Здѣсь, на Волгѣ, сто разъ зря могли убить атамана, и померла бы дѣвушка, не извѣдавъ того, что онъ съ собой въ эту глушь занесъ и въ ея душу заронилъ… просвѣтляя и будто окрыляя ее.

Уходить изъ Яра, откуда и вся шайка должна была поневолѣ подниматься на другія мѣста, Устя рѣшила легко. Ее смущало только одно: какъ явится она въ городъ? Что будетъ тамъ? Какъ на нее народъ глядѣть будетъ? Вѣдь она все-таки душегубила долго на низовьѣ. Онъ это знаетъ и долженъ доложить начальству. А если ее тотчасъ, возьмутъ у него хоть силкомъ и будутъ судить и казнить. Неужели и мѣсяца не дадутъ прожить съ нимъ? И Устѣ, конечно, лучше хотѣлось удержать любимаго молодца у себя, взять его за Волгу, бѣжать съ шайкой и съ нимъ на Узеня, въ скиты среди лѣсовъ, и зажить мирно…

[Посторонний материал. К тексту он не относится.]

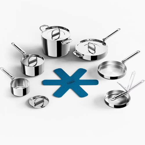 Es una batería completa diseñada para ofrecer rendimiento profesional, durabilidad y eficiencia en el almacenamiento. Fabricado en acero inoxidable multicapa con núcleo de aluminio, cada pieza garantiza una distribución uniforme del calor, resistencia al uso continuo y resultados consistentes en una amplia variedad de preparaciones culinarias.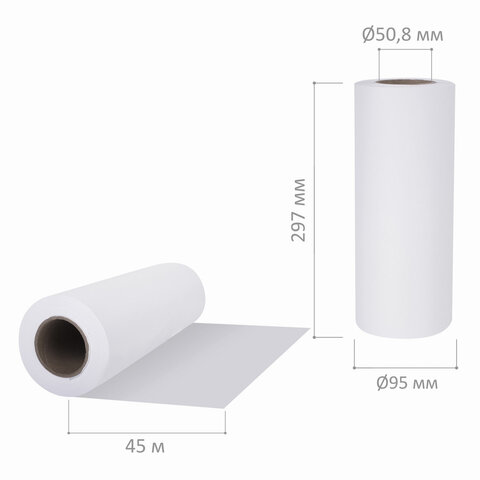 Бумага широкоформатная рулон для плоттера 297 мм х 45 м х втулка 50,8 мм, 80 г/м2, белизна CIE 146%, BRAUBERG, 111811

Да. Но онъ не хотѣлъ этого…

А теперь ужъ не она вольна была надъ нимъ, а онъ воленъ надъ ней. Онъ указывалъ, а она слушалась безпрекословно. И Устя рѣшилась!

Она уже сожалѣла, что потеряла много времени, все не рѣшавшись сознаться ему. И она положила, не мѣшкая болѣе, вырывъ деньги на горѣ, передать ихъ Орлику, собрать молодцовъ на сходъ для выбора эсаула въ атаманы, а самой проститься со всѣмъ — съ Волгой и дикой разбойной жизнью, на которую чудно такъ, а теперь ей даже непонятно, толкнула ее судьба со станицы донской. Какъ это случилось? Какъ могла она ужиться тутъ? Какъ могла она кидаться въ битвы и ради грабежа убивать людей… Сердце, что ли, было ожесточено неправдой людской, а теперь смягчилось. Можетъ быть: вѣдь оно, сердце, — теперь другое.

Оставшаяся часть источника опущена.